Индивидуальность — это своего рода история болезни: у каждого из нас своя и тем самым делает нас непохожими друг на друга (личность делает нас нетождественными, а индивидуальные особенности именно непохожими). Например, одним из свойств человеческой природы, присущим каждому из нас, является способность в логическому мышлению. Но одному эта способность присуща в размере, скажем, 80 процентов от максимума, а другой достиг планки только в 30 процентов. Но даже наиболее одаренный из них — калека: да, на 80 процентов это создание Божие — гениально, но на 20 процентов этот сын Адама — идиот. С другой стороны, этот же интеллектуально одаренный индивид может уступать другим людям в нравственной сфере. Он в своей судьбе и в своей душе реализовал лишь 15 процентов от тех потенций любви и сочувствия, которые Творец заложил в нашу природу, в то время как человек, менее способный к теоретическим построениям, может быть нравственно более одаренным. Но тоже ведь — не до максимума, и у него тоже бывают минуты саможаления или совестного помрачения…
По этой, наиболее яркой черте (отрицательной или положительной) человек легко запоминается, узнается, характеризуется, описывается. Но тот, кто не болен, в ком природа никак не умалена, а просто есть — он не сможет быть «описан» в сравнении со столь же полными носителями этой природы[59].

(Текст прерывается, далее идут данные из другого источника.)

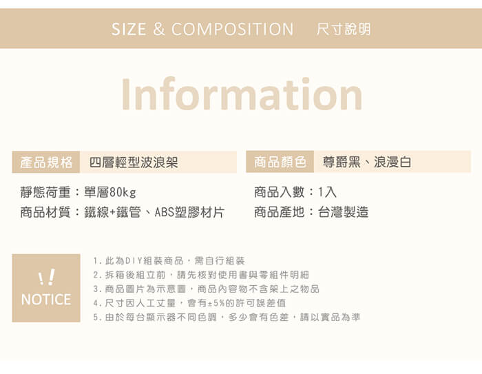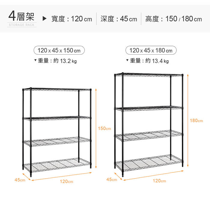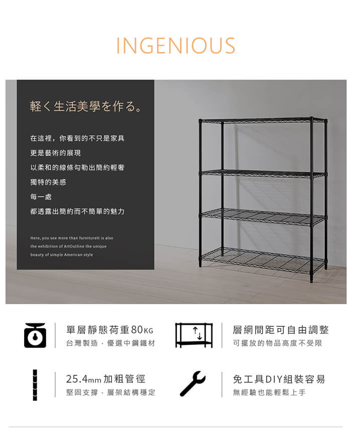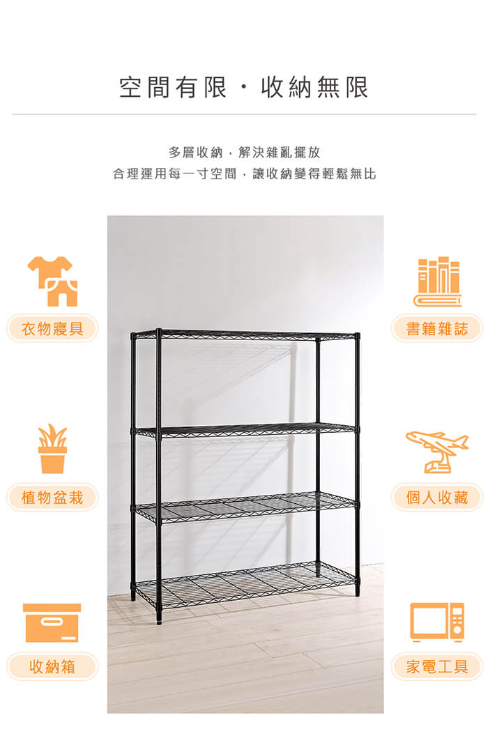 - 主商品:【AAA】MIT輕型四層烤漆波浪架 120x45x150cm - 2色可選

Л. Зандер так реферирует булгаковские размышления об отношении личности и индивидуальности: «Личности различаются между собою как таковые просто как разные я, — лишь за этим различием и на его основе устанавливаются различительные признаки — качества, конституирующие индивидуальность… В этом смысле, можно сказать, что индивидуальность есть онтологическое воплощение правила omnis definitio est negatio, она определяет своего носителя тем, что противопоставляет, выделяет его из всего остального бытия. Поэтому, в качестве функции отрицания, она всегда вторична, производна, подчинена первообразным положительным определениям бытия. Индивидуальность не есть личность, но лишь ее возможность. Индивидуальна амеба, индивидуальны даже растения, индивидуален весь животный мир не только с его видами, но и индивидами, — в наибольшей мере индивидуален и сложен человек в психическом существе своем. Хотя человек стоит на вершине органической лестницы, он разделяет индивидуальное бытие со всеми ступенями. Однако, то, что является естественным и закономерным для всего органического мира, для человека, призванного к высшему ипостасному бытию, оказывается состоянием греховным, извращенным, недолжным. Человек, созданный по образу Божию, то есть как личность, как ипостась, не был индивидом, ибо безгрешный человек есть человек вообще, всечеловек, свободный от дурного, ограничивающего влияния индивидуальности. Человек разрушил целость человеческого рода, утратил его изначальное целомудрие, и на место многоединства выступило многоразличие, дурная множественность. Таким образом, возникла индивидуальность — отсвет Денницы на человеке, которого он захотел извратить по образу своего метафизического эгоизма — моноипостасности без любви… И с тех пор человек знает ипостась лишь в образе индивидуальности, и все человечество разлагается на индивидуальности, которые логика считает возможным объединить только в абстракции, мысленно выводя за скобки общие признаки. Отсюда становится понятным, что условием спасения христианского является погубление души своей ради Христа, то-есть освобождение от плена индивидуальности… что жизнь во Христе освобождает ипостась от индивидуальности, вводя ее в должное для нее многоединство любви, в Церковь»[311].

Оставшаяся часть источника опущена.